The survey was conducted during the lunch hours of six days, resulting in 29 different meals investigated in the present study. When canteen customers chose one of preset hot meals, they received a brief paper-pencil questionnaire at the checkouts. Participants were asked to fill it in after eating and return it when returning their tray. To collect the questionnaires, questionnaire boxes were placed next to the tray returning points.

The brief paper-pencil questionnaire was self-administered (1 DIN A5 sheet). Participants were asked to indicate their meal choice and to rate the perceived healthiness and sustainability of the consumed meal. Specifically, participants were asked to rate the items “My meal of today was healthy.” and “My meal of today was sustainable” using a 6-point Likert scale ranging from 1 (strongly disagree) to 6 (strongly agree). Finally, respondents were asked to complete some demographic questions regarding their gender, age group, and eating style (e.g., being a vegetarian or vegan). Specifically, participants were asked whether they are female, male or diverse and in which age groups they fall (< 18 years, 18–21 years, 22–25 years, 26–29 years, 30–39 years, 40–49 years, 50–59 years, ≥ 60 years).

Participants had the opportunity to win a voucher for the canteen as incentive for their participation. The number of people who rated each of the 29 meals ranged from 14 to 710, with M = 173 participants on average (SD = 171; see Table 1). The study was conducted in accordance with the Declaration of Helsinki, and approved by the Ethics Committee of the University of Konstanz (protocol code IRB20KN012-005/w). Informed consent was obtained from all participants by briefing them that by returning the questionnaire they agree to participate in the study.

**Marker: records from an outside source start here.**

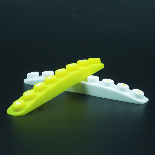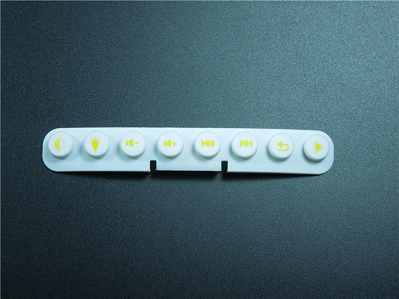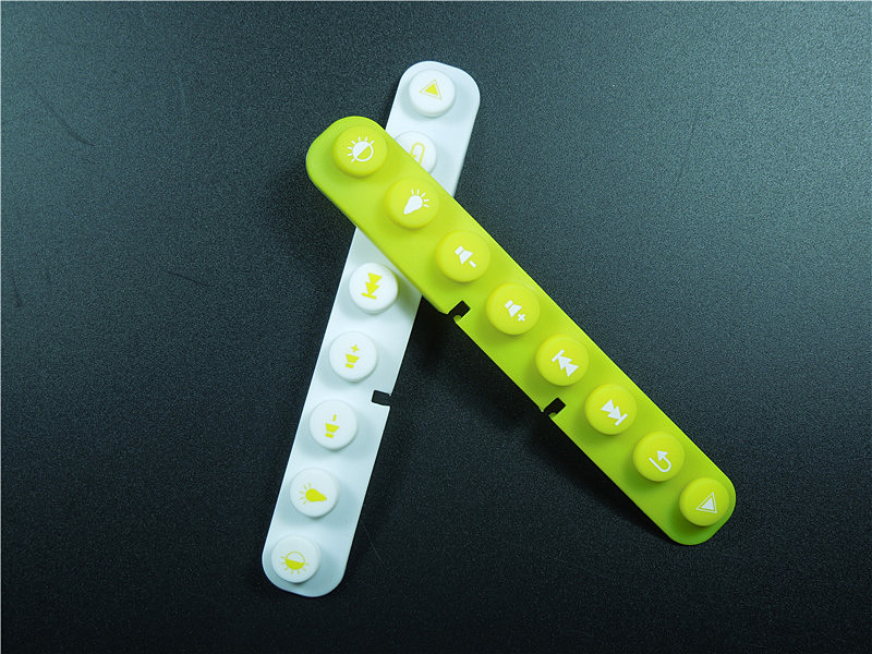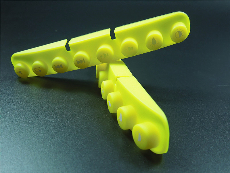 此款硅膠按鍵采用淡黃色色母調制,黃色色母加上半透明的硅膠原料配合硫化劑的添加是通過在里面加入對應顏色比例的顏色色膏混煉,得到相應需要的顏色,可自定義顏色定制加工生產,原材料采用食品級環(huán)保硅膠、質地柔軟,可塑性強。低碳環(huán)保,無毒無味,柔軟、防滑、防震、防滲水、隔熱、不易老化、不褪色、易清洗。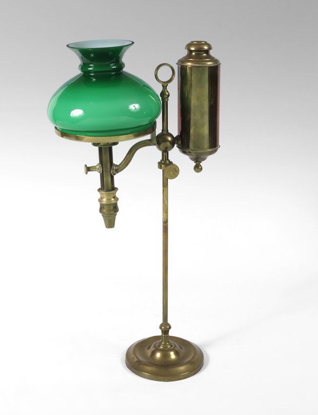 BRASS STUDENT'S LAMP: Lamp with cased green glass shade, adjustable, circa 1910, 20 1/2'' high.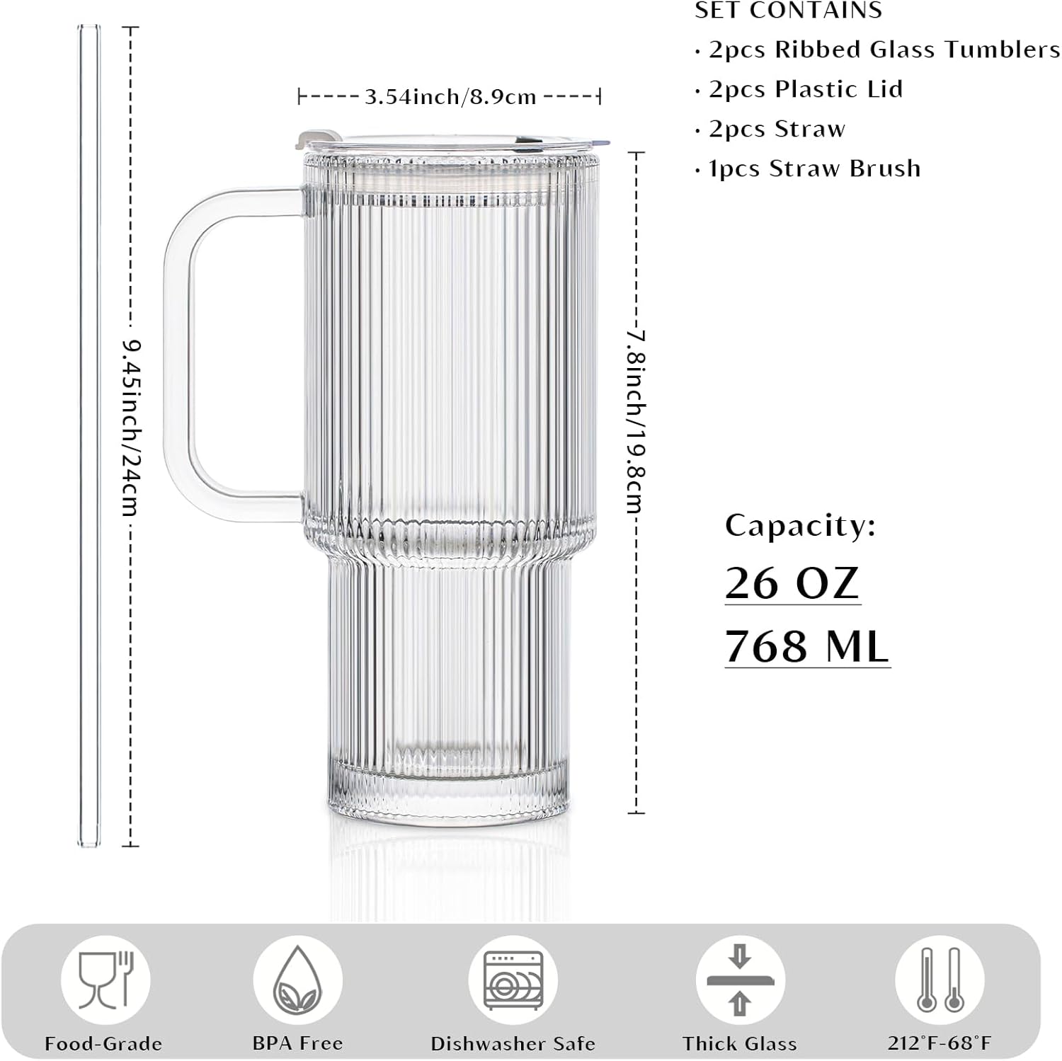 INSETLAN 26oz Ribbed Glass Tumbler with Handle & Lid – 2-Pack Large Iced Coffee Cups with Straws, Modern Glass Mug for Cold & Hot Beverages, Aesthetic Travel Cup for Smoothies, Tea, and Juice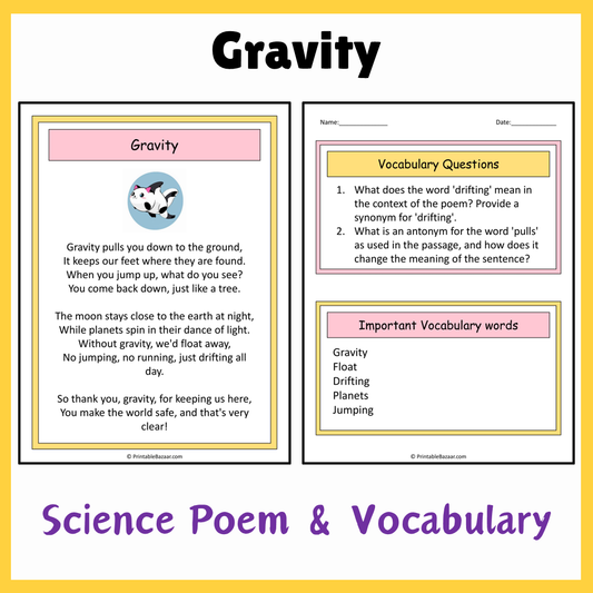 Gravity | Science Poem Reading Comprehension Activity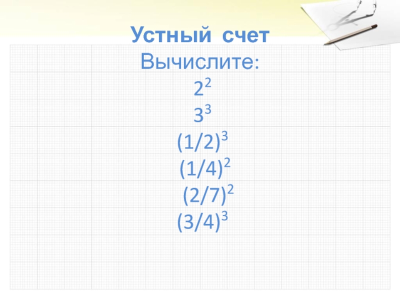 Слайд 4Устный счет Вычислите: 22 33 (1/2)3 (1/4)2 (2/7)2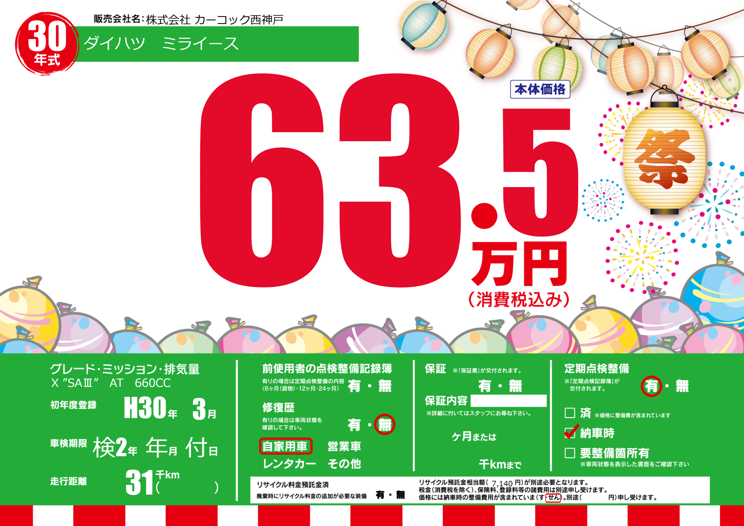 | 走行キロ | 3.1万km | 初年度登録 | H30年3月 |

2.3 Data analysis and power considerations

To visualize perceived sustainability and healthiness, v-plots were created for the different meals (see also [3436]). The online tool to create v-plots is publicly available at https://v-plot.dbvis.de. Actual environmental sustainability and actual healthiness scores were determined for each meal based on the exact recipes provided by the canteen. These included information on ingredients, mass/volume per portion, whether it was frozen or fresh, country of origin, organic production, and preparation details (e.g. cooking duration). To calculate an actual environmental sustainability and healthiness score for all meals, the publicly available NAHGAST algorithm tool was used (https://www.nahgast.de/rechner; see e.g. [3233,37]). The NAHGAST algorithm tool was tested and validated by a total of 120 recipes [38]. It can be used for the evaluation of single dishes as well as by practitioners in the out-of-home catering sector [28]. The NAHGAST algorithm tool was developed by a publicly funded research project (NAHGAST) in cooperation with five practice partners [38] and is able to calculate both actual environmental sustainability and actual healthiness scores for meals with indicators selected through a stakeholder process [32]. Included sustainability indicators were greenhouse gases (GHG) emissions and material consumption, each assessed as kg per meal. Regarding meal healthiness, included nutritional and hence health-related indicators were energy content (kcal per meal) as well as dietary fiber, fat, carbohydrates, of which total sugar, and salt content (g per meal). Based on these indicators, both an actual environmental sustainability score as well as an actual healthiness score was calculated by the NAHGAST tool with a scale from 1 (low) to 6 (high).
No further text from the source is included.